4) The landmark case on the scope of compilation copyright in "mere facts"
is Feist Publications, Inc. v. Rural Telephone Service Co., 499 U.S. 340
(1991). In this case, the Supreme Court held that "[...]copyright in a
factual compilation is thin. Notwithstanding a valid copyright, a subsequent
compiler remains free to use the facts contained in another's publication to
aid in preparing a competing work, so long as the competing work does not
feature the same selection and arrangement." (Feist, supra). Indeed,
"[t]his result is neither unfair nor unfortunate. It is the means by which
copyright advances the progress of science and art." (Feist, supra)

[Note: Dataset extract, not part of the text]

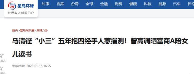 马清铿“小三”五年抱四经手人惹揣测!曾高调晒富商A陪女儿读书 | 星岛环球网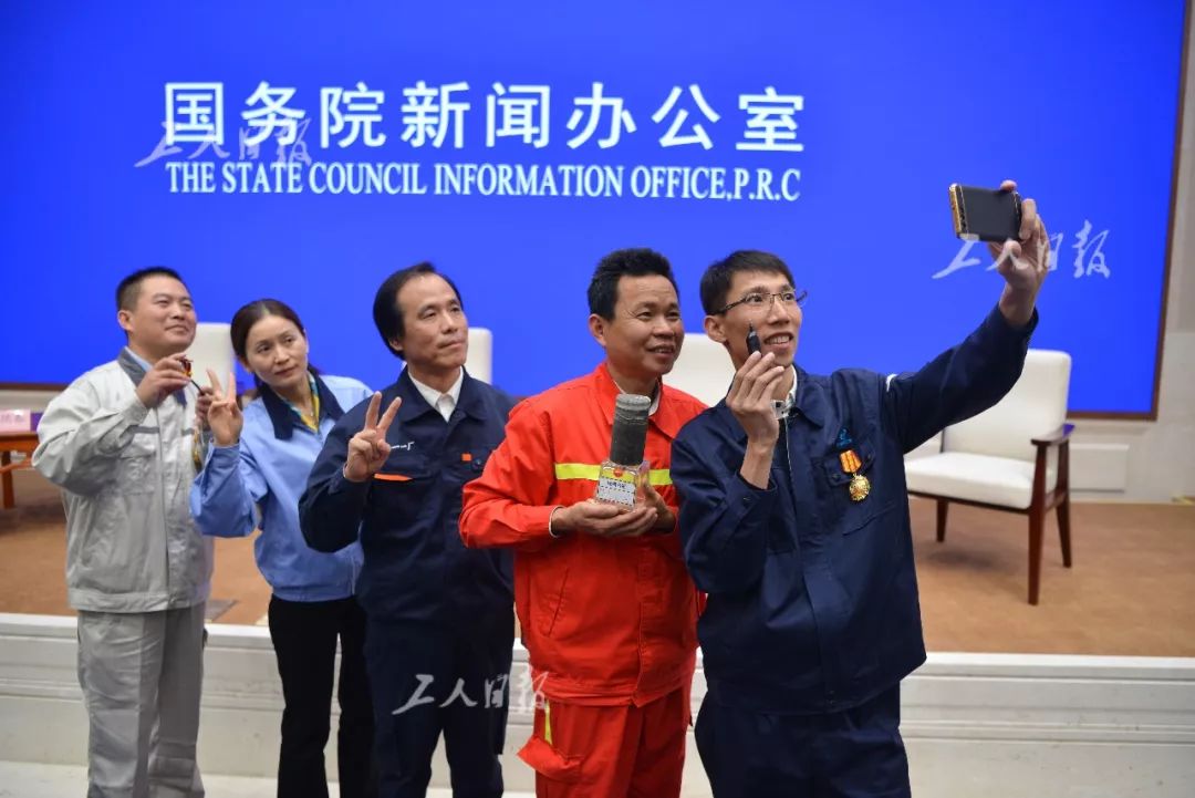 10月15日,国务院新闻办公室举行中外记者见面会,请5位产业工人优秀代表围绕“做大国工匠,争当知识型、技能型、创新型劳动者”主题与中外记者见面交流。见面会结束后5位产业工人优秀代表拿起手机自拍留影。

5) Standard arrangements based on alphabetic, numerical, or lexicographic
ordering are public domain. (Feist, supra). Exhaustive enumeration exhibits
insufficient creativity in selection to pass the constitutional requirement
of creativity (Feist, supra).
6) Congress has repeatedly considered creating a sui generis right of
protection; these attempts have not repeatedly failed. The ALA has strongly
opposed these efforts - details of their work can be found online at
http://www.ala.org/ala/washoff/woissues/copyrightb/dbprotection/databaseprotection.cfm
.
7) Assessment Technologies of WI, LLC v. WireData Inc, 350 F.3d 640 (7
Cir. 2003) suggests that under the doctorine of copyright misuse, some
provisions of OCLC's licensing might not survive a public records request.
------------------
Editorial:
OCLC's real asset has never been the data it holds. OCLC has two real
assets are the people; people like Jay Jordan, Lorcan Dempsey, Thom Hickey
and Stuart Weibel; and the daily reminder of the legacy of Fred Kilgour that
it is their duty to uphold.
If you look at the direction that OCLC has been taking under Jay Jordan, it
seems clear that his underlying strategy is based on recruiting top staff,
creating new and innovative services, and bringing them to much wider
audiences; if protecting the database was what mattered, Open WorldCat
could never have happened.
For what is essentially a private Memory Institution that does not yet
have an endowment big enough to guarantee survival for the deep time
horizons such institutions must have, keeping revenue flowing is critical.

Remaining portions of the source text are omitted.